_Task objective_.
A partial copy is required: transcribe exactly the lines from the one containing "ROHNER PAINT LINE-CURE/BAKE OVEN" through the last line below, without any pictures.

(Given records Opens)

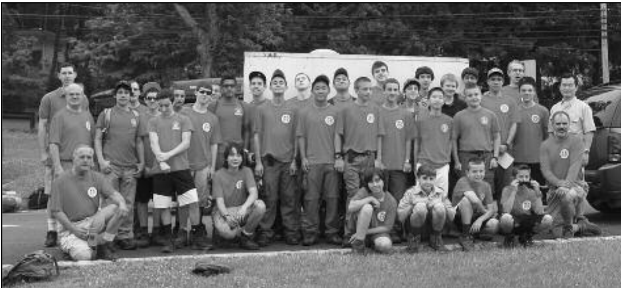
(above) Scouts departing on their main summer camping trip to Sabattis in upstate NY on June 29, 2013. Twenty-eight scouts from the Troop attended, in addition to 6 adults. A week at Sabattis Adventure Camp is one of the highlights of their scouting career, where they can relax in the middle of the Adirondacks, work on rank advancements, merit badges and other activities, as well as working closely as a patrol and troop.
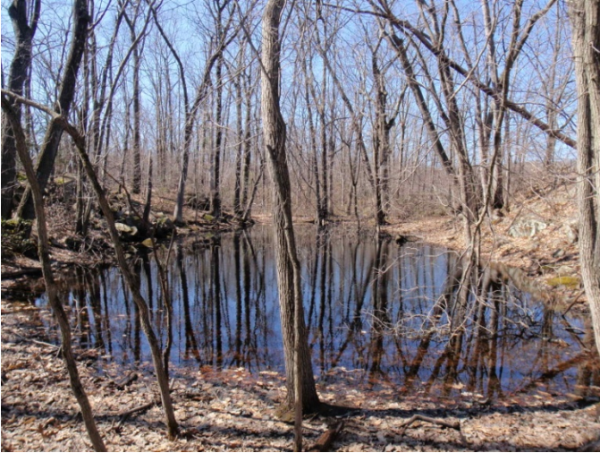
A classic saddle pool used for breeding by Jefferson Salamander.

exhibit a strong preference for pools with dark, tannic water as does Blue-spotted Salamander.
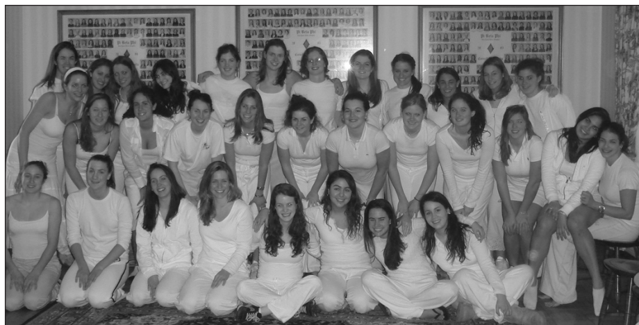
Our newest members gather for a picture on bid night.

The new girls also had the opportunity to come to the house for dinner every Tuesday night, so that they could enjoy some of our chef's great cooking and hang out with some of the older girls. The
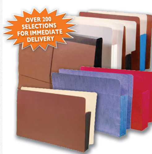
EXPANSION POCKETS & WALLETS
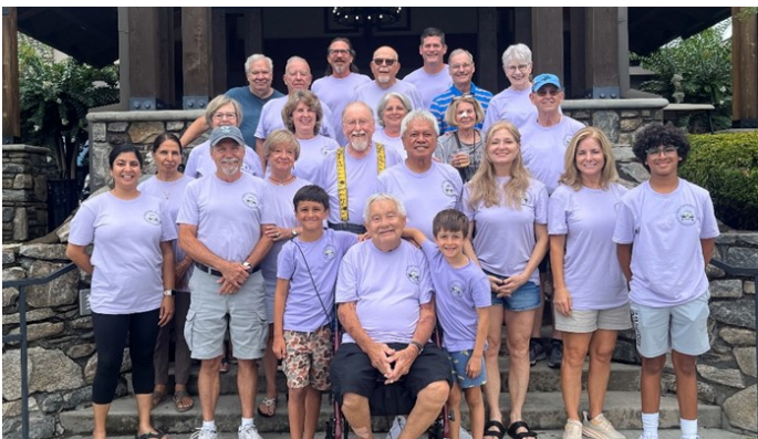
With custom shirts for the event, the club was hard to miss!

a short hike, shopped in downtown Asheville, and found plenty of breweries!
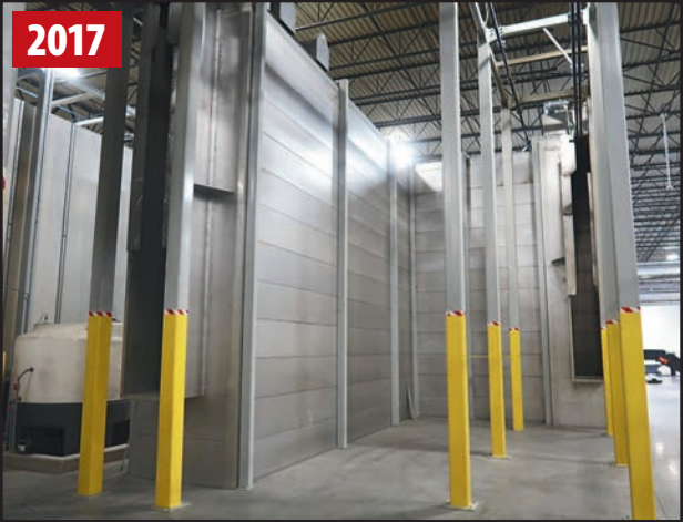
ROHNER PAINT LINE-CURE/BAKE OVEN

TUBE LASER 2017 MAZAK 3D FABRIGEAR 220 II (4K GEN 2) 3D TUBE LASER, s/n 275751, w/MAZAK FX Control, 8.66" Max. Round, 6" Max. Square, .875" Max. Material Thickness Mild Steel, 320" Max. Work Piece Length, 4,000-Watt CO2 Laser, 3-D Bevel Head, Tapping Unit, Chip Conveyor
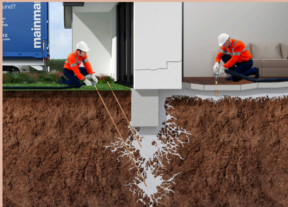
Teretek® engineered resin injection solution
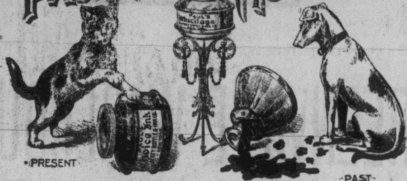
Automatic Ink Stand that will not spill when upset. Absolutely non-evaporating.

THE MOST IMPORTANT INVENTION IN THIS LINE EVER ACCOMPLISHED.
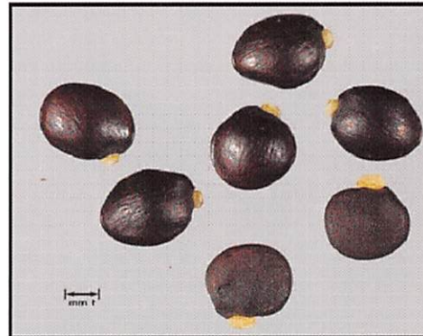
French Broom Seeds

(Given records Closes)

_Worked solution_.
ROHNER PAINT LINE-CURE/BAKE OVEN

TUBE LASER 2017 MAZAK 3D FABRIGEAR 220 II (4K GEN 2) 3D TUBE LASER, s/n 275751, w/MAZAK FX Control, 8.66" Max. Round, 6" Max. Square, .875" Max. Material Thickness Mild Steel, 320" Max. Work Piece Length, 4,000-Watt CO2 Laser, 3-D Bevel Head, Tapping Unit, Chip Conveyor
Teretek® engineered resin injection solution
Automatic Ink Stand that will not spill when upset. Absolutely non-evaporating.

THE MOST IMPORTANT INVENTION IN THIS LINE EVER ACCOMPLISHED.
French Broom Seeds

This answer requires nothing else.